Task brief. Return every entry exactly as written, with the pictures removed.

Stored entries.
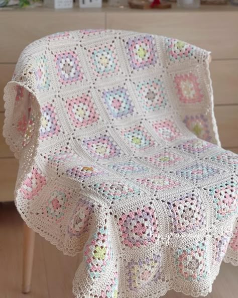 コットン糸でブランケット編みました! 真四角で赤ちゃんのおくるみサイズ。 @nijiyarn さんのむら染めの糸で縁編み。めちゃめちゃかわいい糸😍かわいい糸をいつもありがとうございます〜・ ・毛糸作品u39ベビーブランケット 手編みブランケット crochet amimono。
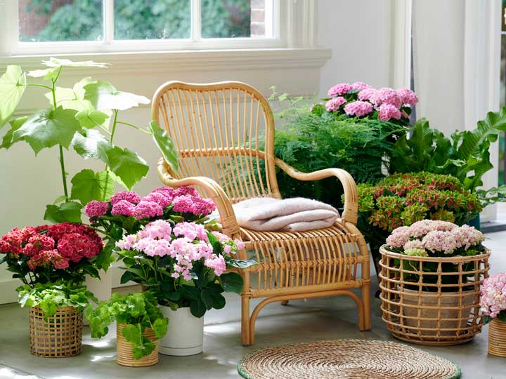 Een kamerhortensia kan prima toegepast worden in elk interieur. Een relaxplek geef je een eigentijdse uitstraling door de hortensia te combineren met groene kamerplanten. Kies daarbij voor een mix van potten van natuurlijke materialen zoals riet, zeegras en bamboe. Je kunt ook een flinke bloemenzee maken door hortensia’s in verschillende kleuren en formaten bij elkaar te zetten. Potten (en manden) in frisse, lichte kleuren zorgen voor een extra vrolijk effect.
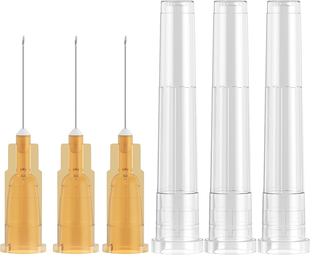 [Product Specifications]: Each 23G needle measures 5/8 inch (16mm) in length. The box includes 100 individually packaged, sterile needles with caps.
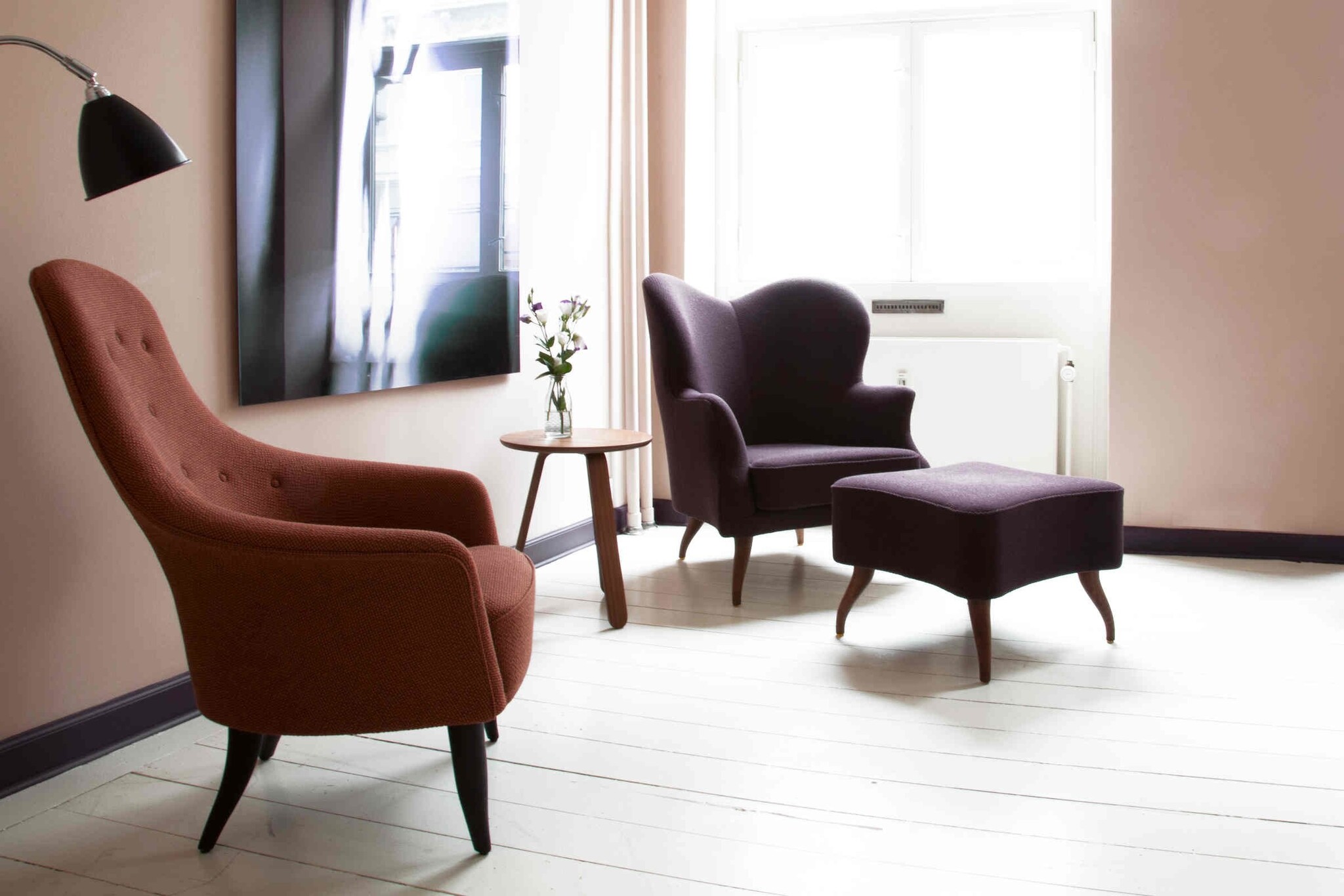 De Gubi Adam is een fauteuil met een comfortabele uitstraling. De Adam Lounge Chair is ontworpen door de Zweedse ontwerpster Kerstin H. Holmquist tijdens haar werk bij Nordiska Kompaniet, NK (een groot Zweeds warenhuis), in 1958. Een echte klassieker dus! Adam is het mannelijke deel van de collectie van Holmquist. De armleuningen van de Gubi Adam lopen soepel over de hoge rug en zorgen voor elegante, ronde en omsluitende bochten met optimale ondersteuning. Deze Gubi Adam fauteuil past met zijn klassieke ontwerp goed in de lounge van een hotel, wachtkamer of andere openbare ruimtes. Tegenwoordig zie je ook steeds vaker een huiskamer op kantoor om het personeel tot rust te laten komen. Daarin past deze fauteuil ook prima.
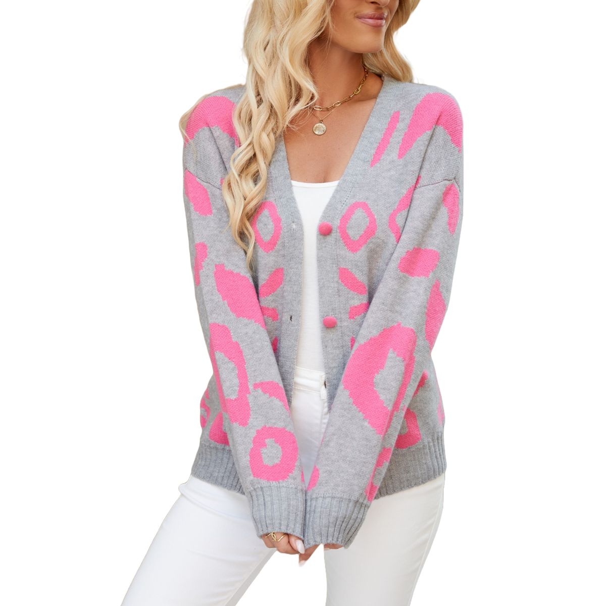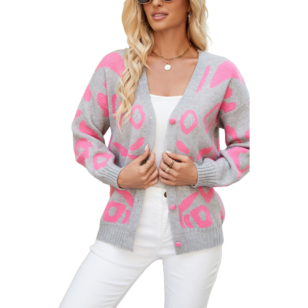 The V-neckline and button-up closure enhance the cardigan's chic appeal,

Response below.
 コットン糸でブランケット編みました! 真四角で赤ちゃんのおくるみサイズ。 @nijiyarn さんのむら染めの糸で縁編み。めちゃめちゃかわいい糸😍かわいい糸をいつもありがとうございます〜・ ・毛糸作品u39ベビーブランケット 手編みブランケット crochet amimono。
 Een kamerhortensia kan prima toegepast worden in elk interieur. Een relaxplek geef je een eigentijdse uitstraling door de hortensia te combineren met groene kamerplanten. Kies daarbij voor een mix van potten van natuurlijke materialen zoals riet, zeegras en bamboe. Je kunt ook een flinke bloemenzee maken door hortensia’s in verschillende kleuren en formaten bij elkaar te zetten. Potten (en manden) in frisse, lichte kleuren zorgen voor een extra vrolijk effect.
 [Product Specifications]: Each 23G needle measures 5/8 inch (16mm) in length. The box includes 100 individually packaged, sterile needles with caps.
 De Gubi Adam is een fauteuil met een comfortabele uitstraling. De Adam Lounge Chair is ontworpen door de Zweedse ontwerpster Kerstin H. Holmquist tijdens haar werk bij Nordiska Kompaniet, NK (een groot Zweeds warenhuis), in 1958. Een echte klassieker dus! Adam is het mannelijke deel van de collectie van Holmquist. De armleuningen van de Gubi Adam lopen soepel over de hoge rug en zorgen voor elegante, ronde en omsluitende bochten met optimale ondersteuning. Deze Gubi Adam fauteuil past met zijn klassieke ontwerp goed in de lounge van een hotel, wachtkamer of andere openbare ruimtes. Tegenwoordig zie je ook steeds vaker een huiskamer op kantoor om het personeel tot rust te laten komen. Daarin past deze fauteuil ook prima.
 The V-neckline and button-up closure enhance the cardigan's chic appeal,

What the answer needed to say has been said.